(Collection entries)

::::

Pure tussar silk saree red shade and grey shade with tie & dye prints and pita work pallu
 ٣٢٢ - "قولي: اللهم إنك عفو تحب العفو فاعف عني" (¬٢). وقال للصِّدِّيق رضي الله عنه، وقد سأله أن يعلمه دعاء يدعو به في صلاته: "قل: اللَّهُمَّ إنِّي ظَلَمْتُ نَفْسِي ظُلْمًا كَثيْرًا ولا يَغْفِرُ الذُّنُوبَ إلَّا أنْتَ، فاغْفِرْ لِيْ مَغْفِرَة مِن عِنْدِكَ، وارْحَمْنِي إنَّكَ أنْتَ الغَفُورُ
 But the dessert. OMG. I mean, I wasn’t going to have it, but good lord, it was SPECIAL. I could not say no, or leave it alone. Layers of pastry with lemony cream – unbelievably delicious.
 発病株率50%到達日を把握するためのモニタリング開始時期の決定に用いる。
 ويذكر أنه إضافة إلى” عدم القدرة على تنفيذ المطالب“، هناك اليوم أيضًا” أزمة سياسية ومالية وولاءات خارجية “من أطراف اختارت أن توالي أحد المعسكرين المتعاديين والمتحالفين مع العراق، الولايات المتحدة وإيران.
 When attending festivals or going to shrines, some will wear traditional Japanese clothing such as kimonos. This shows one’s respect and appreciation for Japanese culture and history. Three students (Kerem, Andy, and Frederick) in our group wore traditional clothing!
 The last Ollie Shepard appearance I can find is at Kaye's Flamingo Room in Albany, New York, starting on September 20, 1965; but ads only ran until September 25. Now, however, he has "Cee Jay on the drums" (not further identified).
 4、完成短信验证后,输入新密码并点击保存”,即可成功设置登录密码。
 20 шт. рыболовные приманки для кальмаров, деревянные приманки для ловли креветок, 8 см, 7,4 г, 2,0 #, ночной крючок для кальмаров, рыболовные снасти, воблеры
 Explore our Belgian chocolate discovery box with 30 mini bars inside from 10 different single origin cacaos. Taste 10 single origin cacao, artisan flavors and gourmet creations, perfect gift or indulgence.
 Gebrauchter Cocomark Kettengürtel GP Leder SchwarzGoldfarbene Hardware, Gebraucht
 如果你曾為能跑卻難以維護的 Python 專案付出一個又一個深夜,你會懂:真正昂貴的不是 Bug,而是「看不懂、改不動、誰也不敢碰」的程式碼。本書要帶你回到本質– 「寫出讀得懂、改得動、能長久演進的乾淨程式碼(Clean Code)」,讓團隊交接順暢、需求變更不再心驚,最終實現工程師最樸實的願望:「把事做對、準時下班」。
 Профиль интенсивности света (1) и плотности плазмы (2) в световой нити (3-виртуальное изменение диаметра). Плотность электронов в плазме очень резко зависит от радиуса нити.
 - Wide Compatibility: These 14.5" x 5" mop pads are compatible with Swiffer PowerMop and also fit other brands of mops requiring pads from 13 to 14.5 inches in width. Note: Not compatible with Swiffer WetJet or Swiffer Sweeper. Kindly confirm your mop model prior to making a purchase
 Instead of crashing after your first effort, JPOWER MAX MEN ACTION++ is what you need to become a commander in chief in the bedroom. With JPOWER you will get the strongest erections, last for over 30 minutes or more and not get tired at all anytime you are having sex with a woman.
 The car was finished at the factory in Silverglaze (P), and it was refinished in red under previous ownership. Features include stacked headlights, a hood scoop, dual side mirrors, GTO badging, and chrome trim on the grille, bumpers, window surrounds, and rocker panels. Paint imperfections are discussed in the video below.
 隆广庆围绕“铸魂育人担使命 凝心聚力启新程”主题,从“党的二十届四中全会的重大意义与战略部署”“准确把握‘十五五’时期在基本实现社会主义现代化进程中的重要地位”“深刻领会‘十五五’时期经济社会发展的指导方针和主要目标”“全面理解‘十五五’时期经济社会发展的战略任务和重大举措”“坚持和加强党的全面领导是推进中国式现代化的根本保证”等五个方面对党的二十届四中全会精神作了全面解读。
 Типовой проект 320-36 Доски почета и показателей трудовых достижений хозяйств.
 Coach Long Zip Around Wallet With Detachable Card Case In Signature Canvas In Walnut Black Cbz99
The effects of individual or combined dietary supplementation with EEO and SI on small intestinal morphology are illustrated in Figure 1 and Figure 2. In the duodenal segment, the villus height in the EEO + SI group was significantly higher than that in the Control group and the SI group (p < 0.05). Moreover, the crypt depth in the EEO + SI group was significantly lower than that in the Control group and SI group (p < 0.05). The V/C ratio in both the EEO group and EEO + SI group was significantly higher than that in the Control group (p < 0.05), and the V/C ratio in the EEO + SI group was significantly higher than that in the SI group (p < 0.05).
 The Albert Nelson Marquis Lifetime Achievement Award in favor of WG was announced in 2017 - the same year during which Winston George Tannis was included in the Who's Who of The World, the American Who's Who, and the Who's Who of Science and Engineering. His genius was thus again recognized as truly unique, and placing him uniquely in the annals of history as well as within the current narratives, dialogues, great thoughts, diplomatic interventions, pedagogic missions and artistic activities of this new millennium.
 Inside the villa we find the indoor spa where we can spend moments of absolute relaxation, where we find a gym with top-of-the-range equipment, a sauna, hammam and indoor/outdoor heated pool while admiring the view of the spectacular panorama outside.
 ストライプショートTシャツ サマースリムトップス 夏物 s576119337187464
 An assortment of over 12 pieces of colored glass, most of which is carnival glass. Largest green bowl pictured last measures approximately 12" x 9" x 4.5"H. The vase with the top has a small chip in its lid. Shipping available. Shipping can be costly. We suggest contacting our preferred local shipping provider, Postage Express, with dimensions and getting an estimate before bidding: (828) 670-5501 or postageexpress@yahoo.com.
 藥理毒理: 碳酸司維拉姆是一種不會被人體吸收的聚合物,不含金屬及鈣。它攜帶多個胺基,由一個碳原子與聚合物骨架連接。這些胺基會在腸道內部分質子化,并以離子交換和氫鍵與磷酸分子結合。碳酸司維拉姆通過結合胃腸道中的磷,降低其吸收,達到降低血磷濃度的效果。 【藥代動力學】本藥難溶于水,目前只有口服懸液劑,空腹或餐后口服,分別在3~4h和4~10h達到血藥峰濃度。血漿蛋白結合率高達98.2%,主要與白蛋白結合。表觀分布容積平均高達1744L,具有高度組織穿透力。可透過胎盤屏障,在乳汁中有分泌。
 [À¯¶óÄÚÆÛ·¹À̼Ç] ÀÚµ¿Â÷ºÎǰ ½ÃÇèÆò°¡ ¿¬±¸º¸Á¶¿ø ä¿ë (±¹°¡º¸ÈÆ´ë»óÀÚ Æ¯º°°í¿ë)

::::

> [What you need to do]
Would you retype exactly the lines above, from the line with "如果你曾為能跑卻難以維護的 Python 專案付出一個又一個深夜,你會懂:真正昂貴的不是" to the line with "- Wide Compatibility: These", with both end lines kept and nothing more?

> [Task result]
 如果你曾為能跑卻難以維護的 Python 專案付出一個又一個深夜,你會懂:真正昂貴的不是 Bug,而是「看不懂、改不動、誰也不敢碰」的程式碼。本書要帶你回到本質– 「寫出讀得懂、改得動、能長久演進的乾淨程式碼(Clean Code)」,讓團隊交接順暢、需求變更不再心驚,最終實現工程師最樸實的願望:「把事做對、準時下班」。
 Профиль интенсивности света (1) и плотности плазмы (2) в световой нити (3-виртуальное изменение диаметра). Плотность электронов в плазме очень резко зависит от радиуса нити.
 - Wide Compatibility: These 14.5" x 5" mop pads are compatible with Swiffer PowerMop and also fit other brands of mops requiring pads from 13 to 14.5 inches in width. Note: Not compatible with Swiffer WetJet or Swiffer Sweeper. Kindly confirm your mop model prior to making a purchase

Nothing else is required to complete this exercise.